Task statement.
Return every line from the records below that has the word "forests".

__________

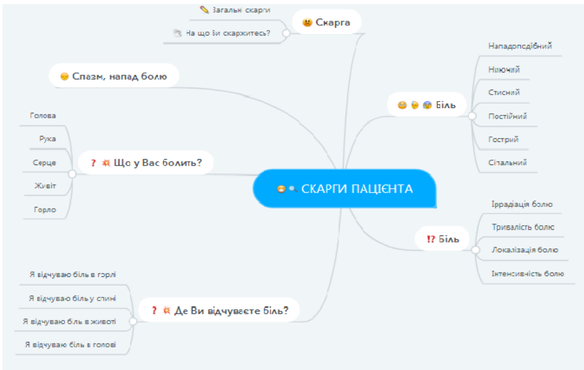
Fig. 2. The Mind Map «Complains of the patients»
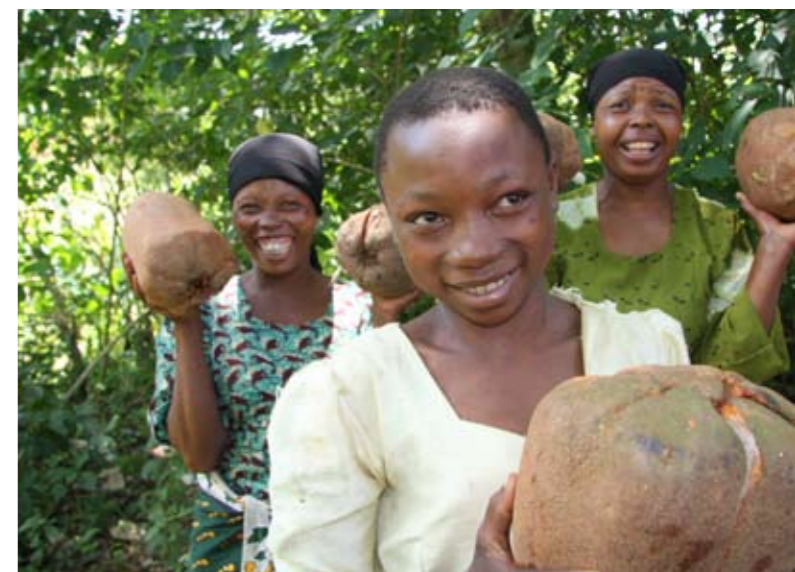
The fruits of community forests in Tanzania

Ultimately the UNFCCC is a climate convention, not a carbon convention. While forests play a crucial role in carbon sequestration, they also affect climate in other ways. They play an important role in regulating ground water and rainfall, and thereby influence the climate in areas far beyond the forests themselves. Forests also lessen the impact of natural disasters, for instance by functioning as physical barriers against heavy winds and landslides. Intact natural forests sequester more carbon than other forest
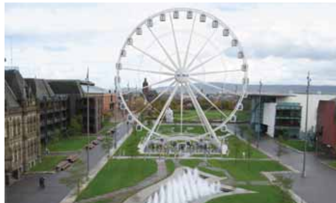
An artist's impression of how the site of the wheel would look

However, the council has now confirmed that the

__________

Answer area.
The fruits of community forests in Tanzania
Ultimately the UNFCCC is a climate convention, not a carbon convention. While forests play a crucial role in carbon sequestration, they also affect climate in other ways. They play an important role in regulating ground water and rainfall, and thereby influence the climate in areas far beyond the forests themselves. Forests also lessen the impact of natural disasters, for instance by functioning as physical barriers against heavy winds and landslides. Intact natural forests sequester more carbon than other forest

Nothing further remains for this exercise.